--- To do ---
Go through the data and report how many lines include the word "work", giving only the number.

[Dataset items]
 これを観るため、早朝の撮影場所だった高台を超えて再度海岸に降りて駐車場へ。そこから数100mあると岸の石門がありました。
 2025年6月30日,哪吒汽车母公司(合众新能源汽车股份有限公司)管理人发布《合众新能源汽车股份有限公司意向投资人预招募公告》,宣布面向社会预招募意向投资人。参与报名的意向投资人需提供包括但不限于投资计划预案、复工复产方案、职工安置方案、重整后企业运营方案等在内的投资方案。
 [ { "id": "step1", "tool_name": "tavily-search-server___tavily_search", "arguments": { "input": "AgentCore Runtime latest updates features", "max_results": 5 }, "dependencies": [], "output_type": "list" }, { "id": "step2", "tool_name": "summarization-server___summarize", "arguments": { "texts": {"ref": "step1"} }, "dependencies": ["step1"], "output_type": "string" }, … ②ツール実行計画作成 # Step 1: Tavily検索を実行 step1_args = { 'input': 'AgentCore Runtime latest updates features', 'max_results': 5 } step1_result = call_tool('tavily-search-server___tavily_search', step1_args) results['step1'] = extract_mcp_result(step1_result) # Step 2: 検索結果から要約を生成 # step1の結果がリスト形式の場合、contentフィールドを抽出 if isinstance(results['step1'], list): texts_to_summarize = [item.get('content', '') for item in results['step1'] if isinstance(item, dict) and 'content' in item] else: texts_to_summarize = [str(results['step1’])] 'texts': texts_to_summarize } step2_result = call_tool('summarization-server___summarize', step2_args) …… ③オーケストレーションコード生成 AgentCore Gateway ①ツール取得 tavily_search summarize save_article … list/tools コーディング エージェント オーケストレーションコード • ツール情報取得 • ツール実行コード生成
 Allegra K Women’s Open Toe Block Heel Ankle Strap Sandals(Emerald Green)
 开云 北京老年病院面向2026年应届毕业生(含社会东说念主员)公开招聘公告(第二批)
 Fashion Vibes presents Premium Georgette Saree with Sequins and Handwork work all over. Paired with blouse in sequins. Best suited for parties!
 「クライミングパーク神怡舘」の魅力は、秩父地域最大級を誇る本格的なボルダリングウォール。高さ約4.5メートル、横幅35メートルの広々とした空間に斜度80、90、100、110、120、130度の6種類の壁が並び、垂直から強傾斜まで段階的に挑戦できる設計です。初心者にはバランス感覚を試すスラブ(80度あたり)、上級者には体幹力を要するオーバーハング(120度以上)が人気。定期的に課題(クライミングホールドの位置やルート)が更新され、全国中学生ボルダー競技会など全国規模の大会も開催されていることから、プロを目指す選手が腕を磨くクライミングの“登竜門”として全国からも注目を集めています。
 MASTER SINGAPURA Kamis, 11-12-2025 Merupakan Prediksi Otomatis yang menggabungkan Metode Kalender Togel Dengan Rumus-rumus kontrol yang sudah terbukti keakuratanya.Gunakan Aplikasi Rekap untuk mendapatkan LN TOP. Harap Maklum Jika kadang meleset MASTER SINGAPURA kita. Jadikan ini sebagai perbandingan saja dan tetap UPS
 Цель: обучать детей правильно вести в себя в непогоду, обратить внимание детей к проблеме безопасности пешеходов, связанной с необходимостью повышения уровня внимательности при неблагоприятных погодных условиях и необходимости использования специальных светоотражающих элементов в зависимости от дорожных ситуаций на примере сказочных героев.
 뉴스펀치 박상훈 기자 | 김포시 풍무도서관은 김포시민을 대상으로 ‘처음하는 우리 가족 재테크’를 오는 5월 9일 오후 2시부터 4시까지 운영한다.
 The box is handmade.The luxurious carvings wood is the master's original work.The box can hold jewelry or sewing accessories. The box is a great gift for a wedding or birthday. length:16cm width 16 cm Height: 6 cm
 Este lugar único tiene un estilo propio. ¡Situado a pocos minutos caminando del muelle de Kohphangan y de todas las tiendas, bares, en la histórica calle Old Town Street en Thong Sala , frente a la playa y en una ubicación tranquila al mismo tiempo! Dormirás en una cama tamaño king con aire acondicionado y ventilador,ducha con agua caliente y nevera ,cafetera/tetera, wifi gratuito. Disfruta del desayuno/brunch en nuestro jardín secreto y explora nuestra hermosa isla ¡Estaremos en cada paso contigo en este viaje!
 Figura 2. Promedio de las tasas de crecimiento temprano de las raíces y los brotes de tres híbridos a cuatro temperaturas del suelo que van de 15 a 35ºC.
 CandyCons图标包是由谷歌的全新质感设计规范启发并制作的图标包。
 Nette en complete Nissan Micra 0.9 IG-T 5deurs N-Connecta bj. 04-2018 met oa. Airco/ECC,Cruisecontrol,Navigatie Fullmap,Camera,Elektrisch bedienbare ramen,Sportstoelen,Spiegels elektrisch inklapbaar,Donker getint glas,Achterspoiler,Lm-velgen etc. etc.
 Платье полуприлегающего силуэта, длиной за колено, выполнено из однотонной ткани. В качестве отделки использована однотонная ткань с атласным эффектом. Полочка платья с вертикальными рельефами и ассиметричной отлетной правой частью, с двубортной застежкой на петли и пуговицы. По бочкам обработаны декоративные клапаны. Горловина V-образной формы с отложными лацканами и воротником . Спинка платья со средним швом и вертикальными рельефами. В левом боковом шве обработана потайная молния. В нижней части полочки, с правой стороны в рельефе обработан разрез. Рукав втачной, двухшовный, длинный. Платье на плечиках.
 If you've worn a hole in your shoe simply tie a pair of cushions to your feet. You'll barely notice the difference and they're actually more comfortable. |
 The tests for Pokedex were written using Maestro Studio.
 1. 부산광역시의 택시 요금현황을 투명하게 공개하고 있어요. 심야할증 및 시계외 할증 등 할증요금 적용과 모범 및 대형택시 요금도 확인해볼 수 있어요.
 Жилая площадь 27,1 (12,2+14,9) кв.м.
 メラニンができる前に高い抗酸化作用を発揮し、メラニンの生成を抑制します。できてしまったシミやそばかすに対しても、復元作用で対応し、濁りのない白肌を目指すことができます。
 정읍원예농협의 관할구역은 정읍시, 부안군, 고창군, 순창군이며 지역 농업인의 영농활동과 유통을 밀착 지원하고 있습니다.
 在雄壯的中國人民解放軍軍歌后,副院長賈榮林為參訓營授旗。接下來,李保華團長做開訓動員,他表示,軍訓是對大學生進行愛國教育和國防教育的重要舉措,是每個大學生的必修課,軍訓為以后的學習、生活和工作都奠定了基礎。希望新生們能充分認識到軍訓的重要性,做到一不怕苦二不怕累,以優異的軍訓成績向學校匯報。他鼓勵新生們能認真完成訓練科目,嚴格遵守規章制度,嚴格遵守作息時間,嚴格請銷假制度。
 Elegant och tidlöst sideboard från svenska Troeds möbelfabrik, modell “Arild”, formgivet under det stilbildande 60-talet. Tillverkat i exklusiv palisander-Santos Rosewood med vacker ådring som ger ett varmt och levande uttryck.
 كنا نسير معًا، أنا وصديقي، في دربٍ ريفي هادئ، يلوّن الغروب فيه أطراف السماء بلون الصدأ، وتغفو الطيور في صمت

--- Solution for this exercise ---
2